Pruitt says he will lead US EPA with civility, attention to rule of law - Newly confirmed Environmental Protection Agency Administrator Scott Pruitt reiterated Tuesday his support of the agency's mission and belief that being pro-energy and pro-environment was not an either-or proposition. Speaking to EPA employees Tuesday, Pruitt commended career staff's contributions to the agency and the country and said "this is a beginning for us to spend time and discuss certain principles by which I think this agency should conduct itself, and I look forward to leading this agency with [those] principles in mind." While rumors have circulated that executive-level action could come as early as this week to roll back President Barack Obama's climate agenda and reverse certain environmental regulations seen as burdening the power and gas sector, Pruitt's remarks were light on concrete details for his vision of the agency. He told EPA staff that an "attitude of finding answers, being problem solvers and making decisions" was necessary when dealing with the monumental issues concerning the environment and natural resources. He committed to "listen, learn and lead with" staff to address environmental issues and called for bringing civility back to what have become tense, contentious discussions. "We ought to be able to get together and wrestle through some very difficult issues and do so in a civil manner," Pruitt said. "We ought to be able to be thoughtful and exchange ideas and engage in debate to make sure that we do find answers to these problems, and do so with civility."

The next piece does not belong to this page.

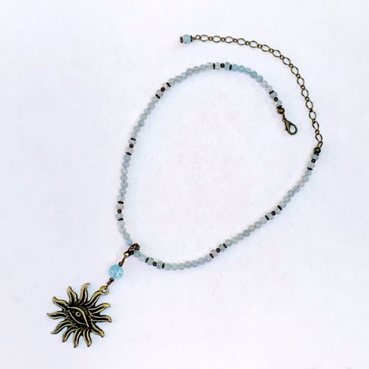 Aquamarine gemstone with Brass Evileye Sun pendant Necklace

Greens launch ads against two GOP senators for Pruitt votes | TheHill: An environmental group is launching an advertising campaign against two Senate Republicans who voted to confirm Environmental Protection Agency (EPA) Administrator Scott Pruitt last week. The ads target Sens. Dean Heller(R-Nev.) and Jeff Flake (R-Ariz.), both of whom are up for reelection in 2018. They are part of a $580,000 campaign from the League of Conservation Voters, featuring both English and Spanish TV and radio spots. The Arizona ads highlight asthma rates in the state, saying the EPA under Pruitt “will only make things worse” through weaker air pollution rules. The Nevada television ad said a Pruitt-led EPA would hurt clean water. The League's ads are the first released by a green group since Pruitt’s confirmation as EPA administrator, but not the first related to his nomination for the position. The group is one of several organizations to have advertised against Pruitt, spending $50,000 on a digital ad campaign as part of a $3 million battle over his nomination. Nevada and Arizona were two of seven states included in a NextGen Climate television ad campaign in January designed to convince Republican senators to vote against Pruitt.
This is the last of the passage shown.